Geld überweisen, die Steuererklärung abgeben, selbst der wöchentliche Großeinkauf: Viele Dinge, für die man noch vor zehn, 15 oder 20 Jahren ziemlich selbstverständlich vor die Haustüre gegangen wäre, lassen sich heute bequem im Internet erledigen. Ja, in einigen Staaten ist es inzwischen sogar möglich, per Videochat zu heiraten. In Deutschland ist eine solche Online-Trauung nicht zulässig, fernab jeder Romantik ist die Eheschließung hierzulande ein höchstpersönliches Rechtsgeschäft und als solches im Bürgerlichen Gesetzbuch genauestens geregelt. Und Paragraph 1311 fordert unnachgiebig die persönliche und gleichzeitige Anwesenheit der Heiratswilligen vor dem Standesbeamten.

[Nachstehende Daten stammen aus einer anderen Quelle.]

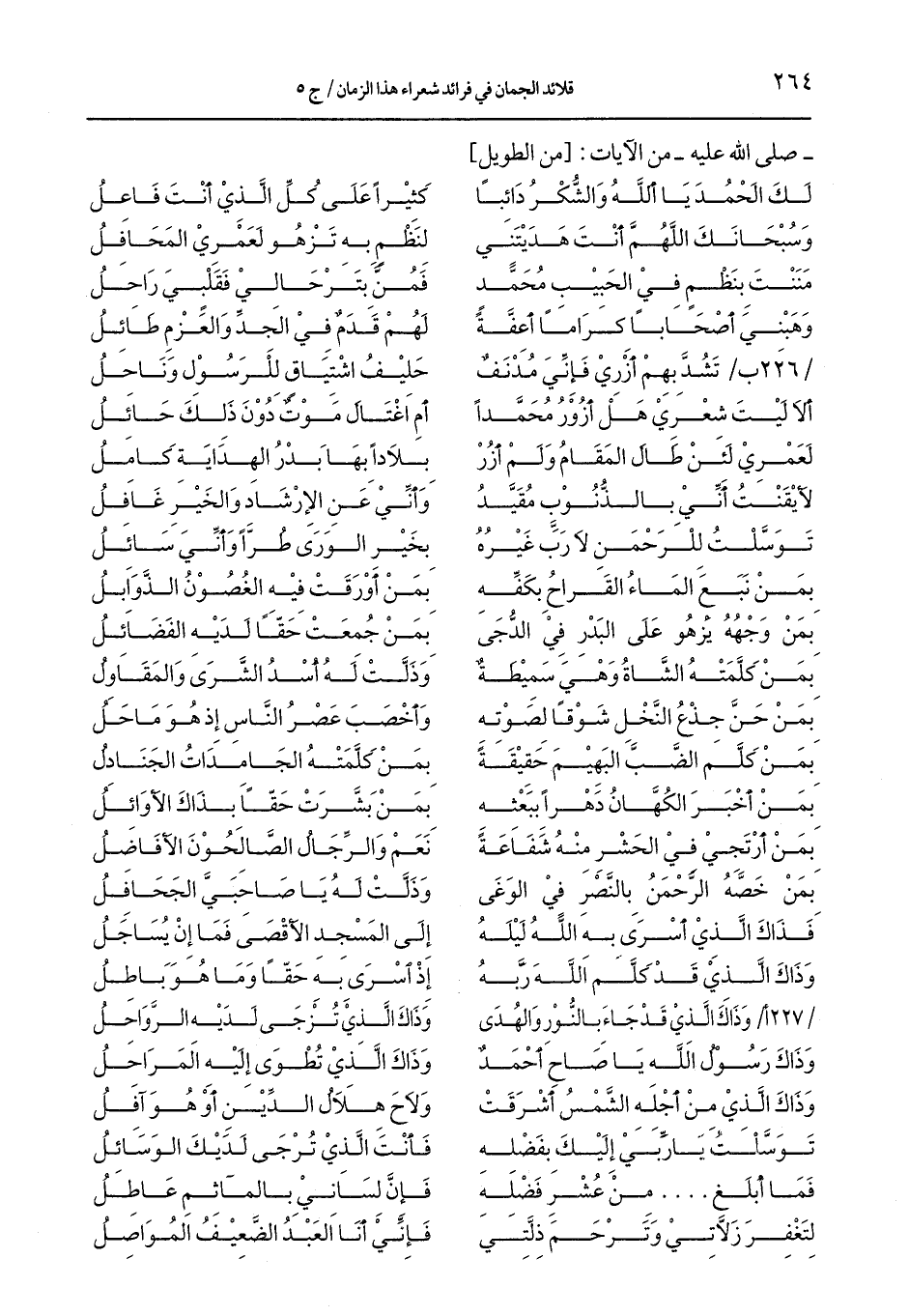 وسبحانك اللَّهم أنت هديتني ... لنظم به تزهو لعمري المحافل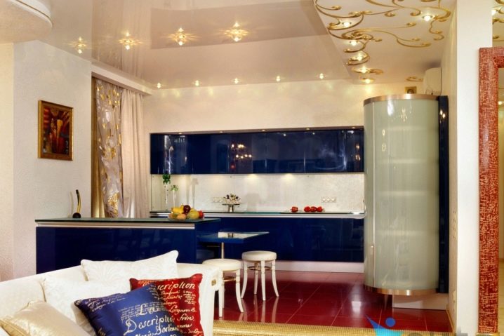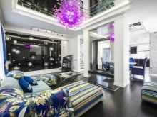 Stretch ceilings in the style of avant-garde - this is one of the most popular options for finishing the upper part of the room. Basically, these are glossy textures, bright and saturated colors, as well as non-standard shapes.. Avant-garde is a manifestation of violent fantasy, including at the stage of finishing the ceiling.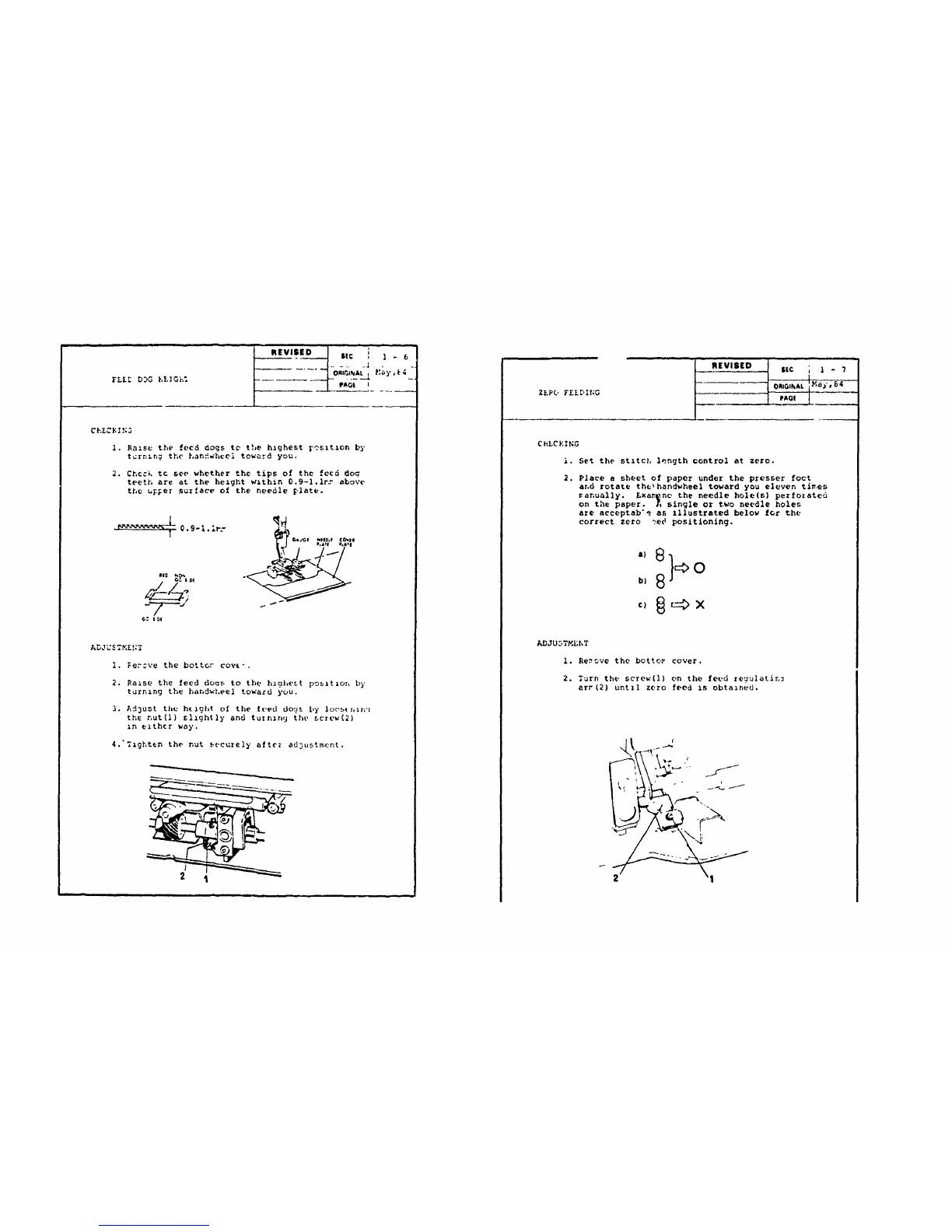 2. Chcck tc see whether the tips of the feed dog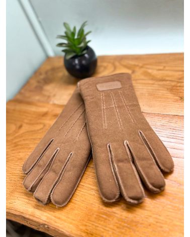Gants en mouton retourné véritable camel.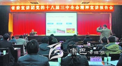 12月25日,省委宣講團在海螺溝景區(qū)宣講黨的十八屆三中全會精神,由省委講師團教授韓旭作宣講,海螺溝景區(qū)景區(qū)管理局、磨西鎮(zhèn)、新興鄉(xiāng)副科實職以上干部,21個行政村村兩委班子成員,部份州、縣人大政協(xié)代表,離退休同志代表和三老干部代表,省州屬各派駐機構(gòu)負(fù)責(zé)人以及部分旅游企業(yè)負(fù)責(zé)人聆聽了報告。圖為報告會現(xiàn)場。(李娟 攝影報道)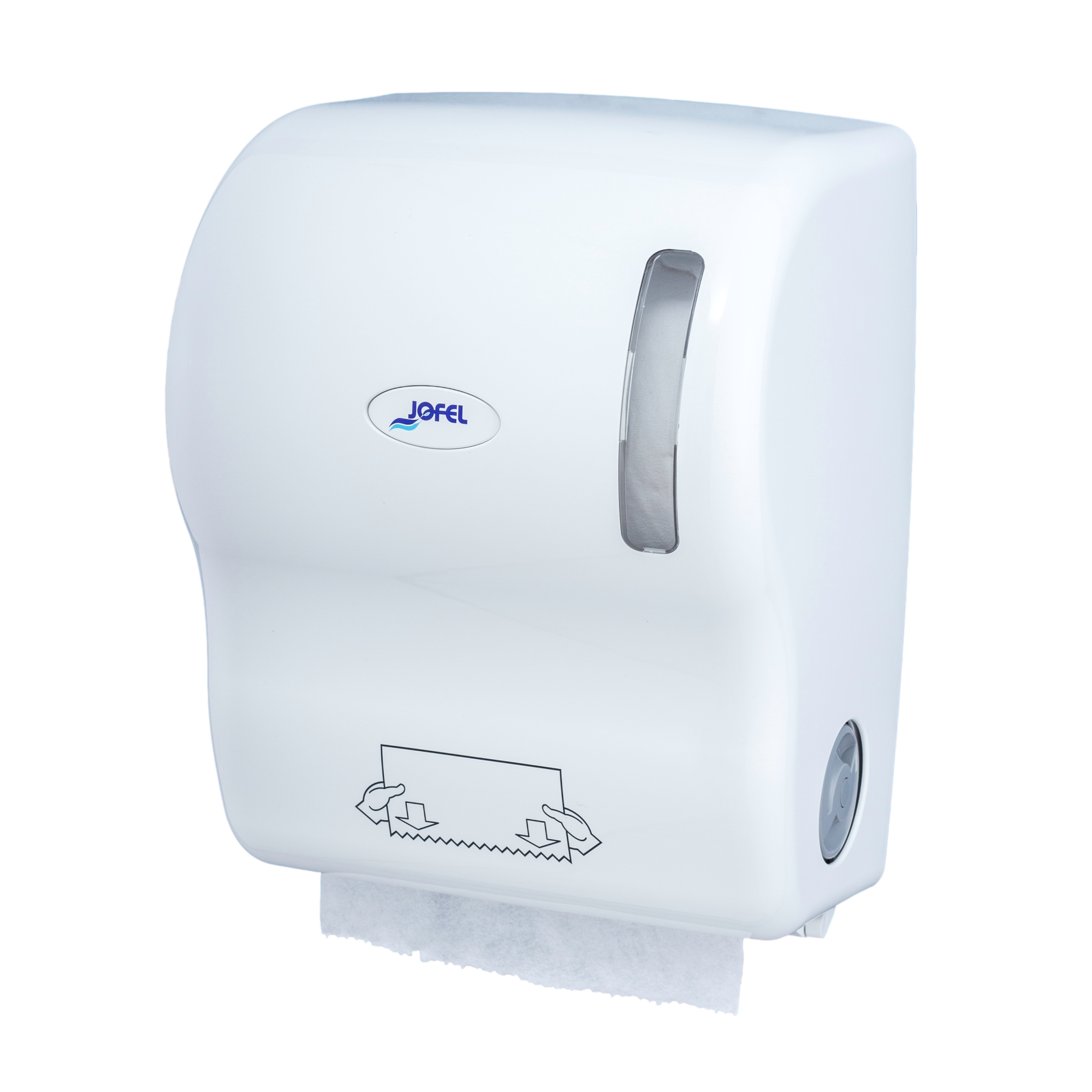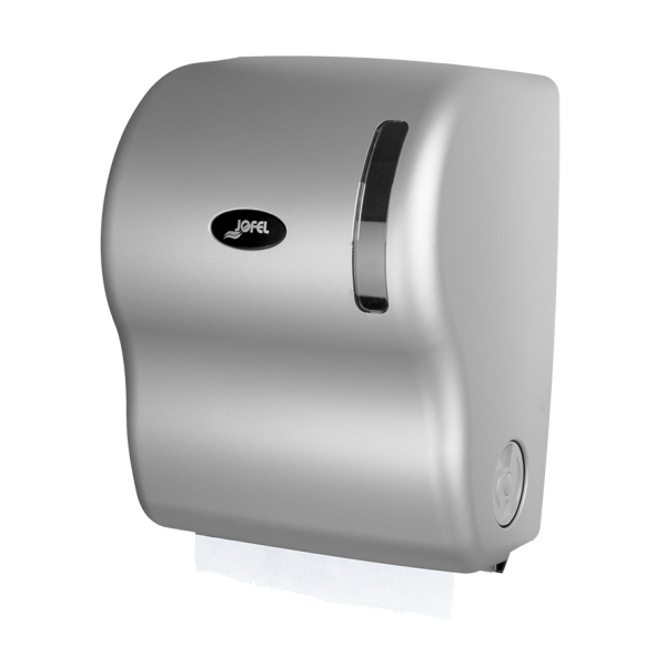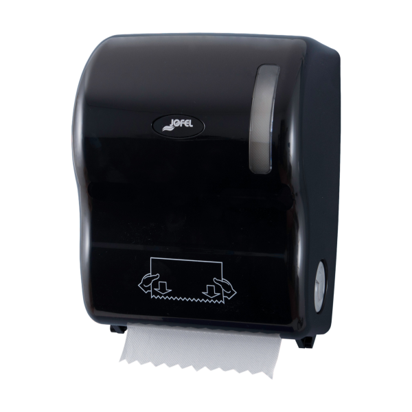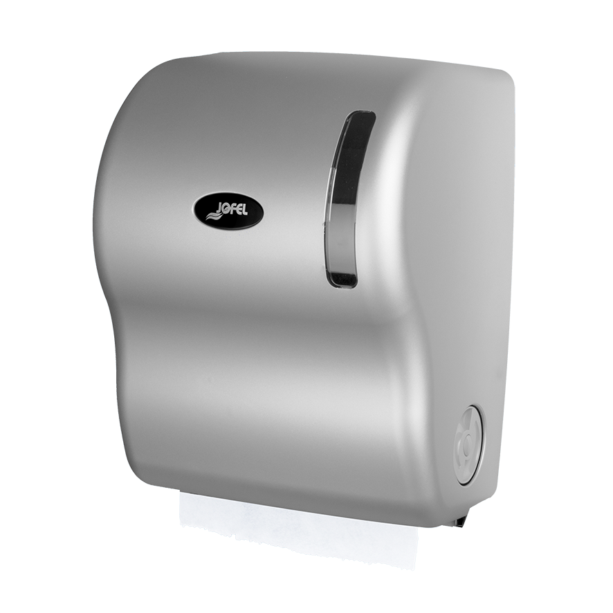 Distributeur d’essuie-mains auto-coupant pour toilettes privés et publiques.

Was das mit der Aktionärsversammlung von Daimler zu tun hat? Nun ja, zumindest so viel: Ähnlich wie für Hochzeiten sah das deutsche Recht auch für Hauptversammlungen bislang vor, dass es sich hierbei um eine Vor-Ort-Veranstaltung handeln muss. Immerhin erlaubt das Aktiengesetz so viel digitale Teilhabe, dass die Gesellschaft in ihrer Satzung vorsehen kann, dass Aktionäre ihre Rechte auch mittels elektronischer Kommunikation und ohne physische Anwesenheit wahrnehmen können. Das ist aber eher als zusätzliche Notfall-Option gedacht, die die eigentliche Präsenz-Versammlung nur ergänzen, nicht aber ersetzen kann.

Planung beginnt ein halbes Jahr vor dem Event

Darum ist auch bei Daimler die Hauptversammlung traditionell ein großes Event. Schauplatz ist seit Jahren die Messe Berlin, wo sich am Veranstaltungstag Tausende Menschen tummeln: Aktionäre, Aktionärsvertreter und Investoren, aber natürlich auch Analysten, Medienvertreter, das Organisations-Team sowie die Mitglieder von Vorstand und Aufsichtsrat. Es geht dabei freilich in erster Linie darum, dass die Gesellschafter des Unternehmens ihre gesetzlich verbrieften Rechte wahrnehmen können. Die Hauptversammlung ist für Daimler aber auch eine Gelegenheit, um den Aktionären Strategie und Produkte näherzubringen, sich mit ihnen auszutauschen und die Bindung zwischen ihnen und ihrem Unternehmen zu stärken. Ach ja: Würstchen gibt’s natürlich auch ... 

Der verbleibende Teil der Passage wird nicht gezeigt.